Notes to Combined Financial Statements (continued)
7. Shareholders’ Equity
On June 29, 2010, the Company affected a 10-for-1 stock split, whereby each stockholder who previously held 1 voting share of the Company’s common stock, then held 1 voting share of common stock and 9 non-voting shares of common stock. The stock split did not affect the percentage ownership of any of the shareholders.
8. Related-Party Transactions
During 2010, a shareholder purchased 6,000 shares of stock held in treasury for $260 per share, in exchange for a note issued to the Company in the amount of $1,560,000. The note is interest-only, at a rate of 1.63% per annum, for a period of 10 years, at which time the full principal balance is due. Interest income associated with this note was $13,271. This note has been recorded as a reduction in shareholders’ equity.
In 2008, the Company purchased 2,500 shares of stock from a shareholder for $260 per share, in exchange for cash and a note of $450,000. The note was interest bearing with an interest rate of 2.38% per annum. At December 31, 2010, the principal owed on the note was $115,527. Interest paid during the year ended December 31, 2010 in connection with the note was $4,702. The note payable is classified as current as it will be paid off in September 2011.
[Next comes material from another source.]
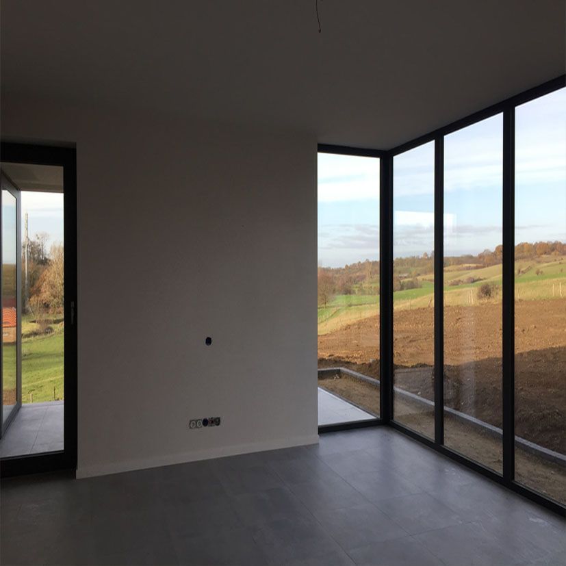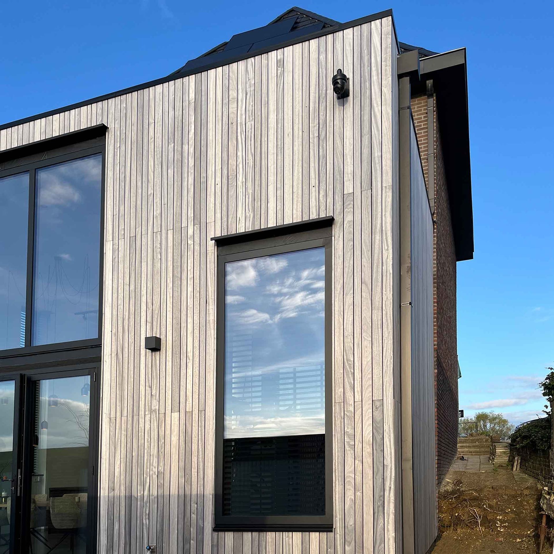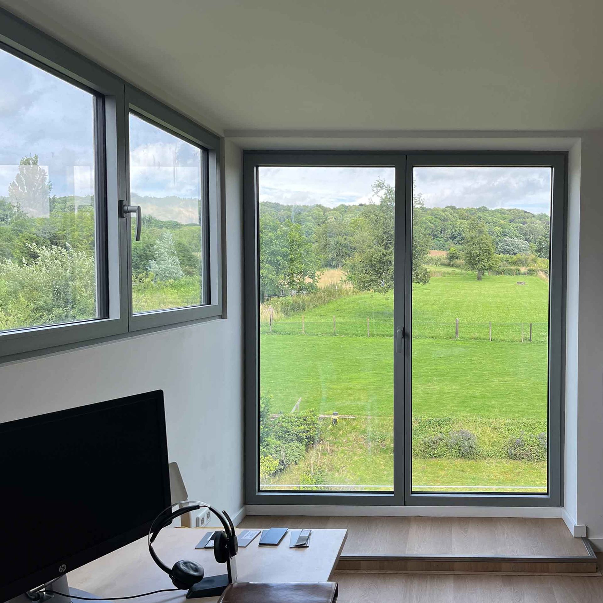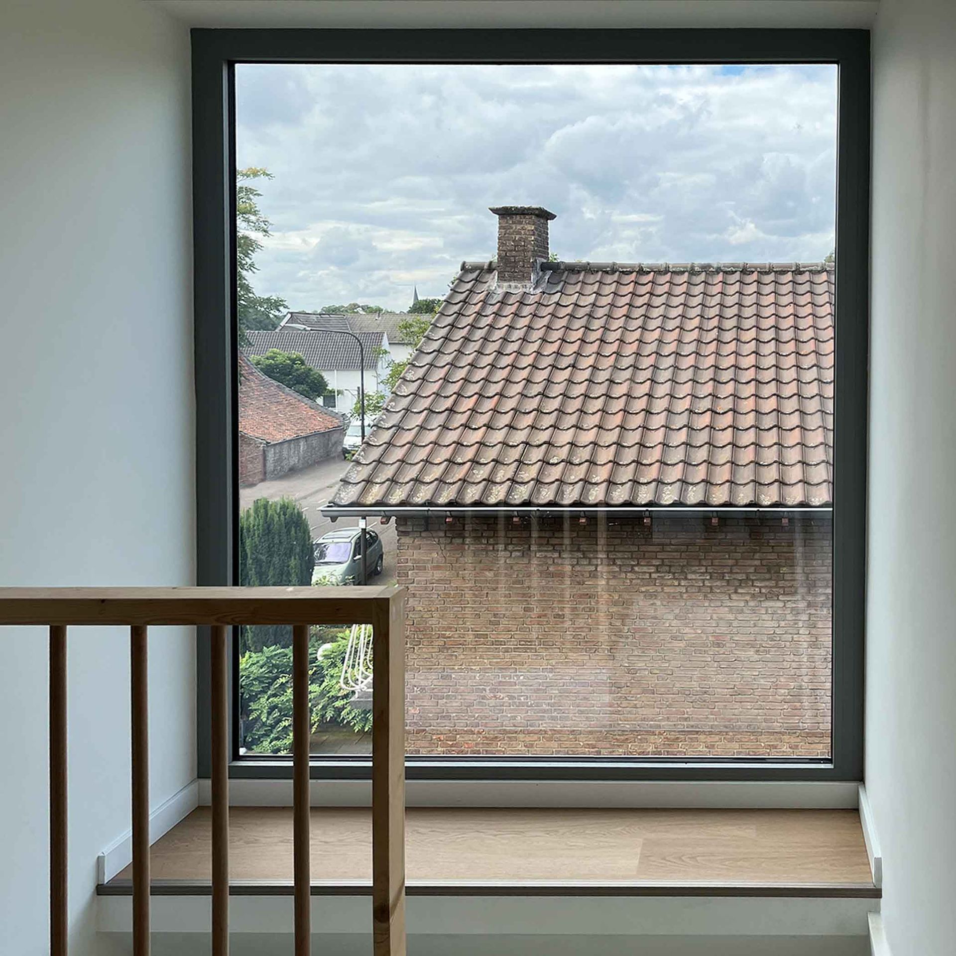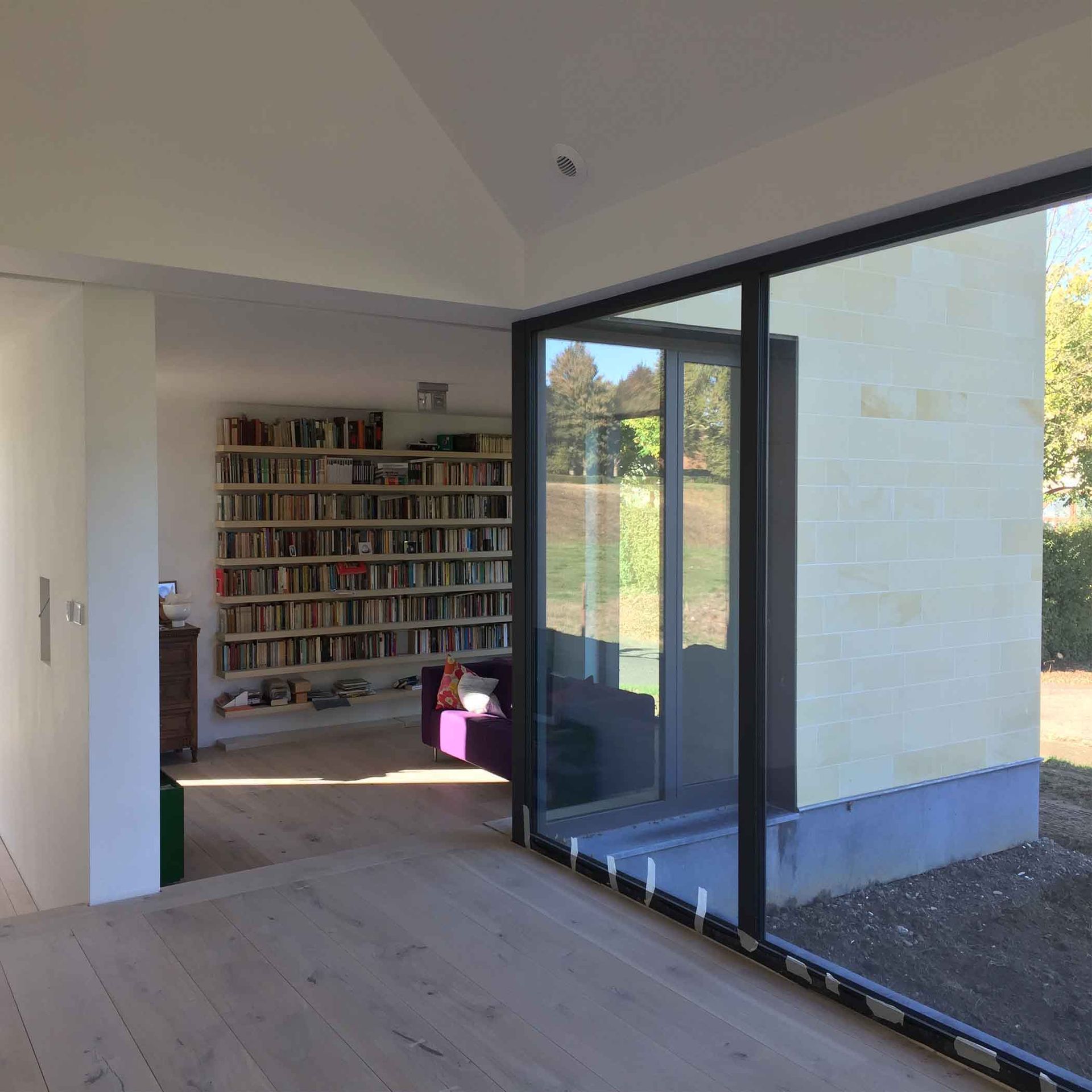 De kozijnen en de pui in de aanbouw zijn van aluminium. In de bestaande woning zijn de kozijnen tot aan de vloer doorgetrokken en vervangen door houten openslaande deuren.

During 2010, the Company paid rent to a shareholder for a production facility. The total rent expense for the year ended December 31, 2010 was $612,000. The Company also leased a vehicle from the shareholder. Total rent expense for the year ended December 31, 2010 was $156,000.
9. Profit Sharing Plan
The Company has established a deferred savings plan for its employees, which allows participants to make contributions by salary reduction pursuant to Section 401(k) of the Internal Revenue Code. All employees are eligible to enroll in the plan on July 1st or January 1st following the one year anniversary of their date of employment. The Company matches contributions 100% up to 4% of employee wages. Employees vest immediately in both their and the Company’s contributions. Company contributions to this plan totaled $131,333 in 2010. Additionally, the Company paid administrative expenses for the plan of $1,080 during the year ended December 31, 2010.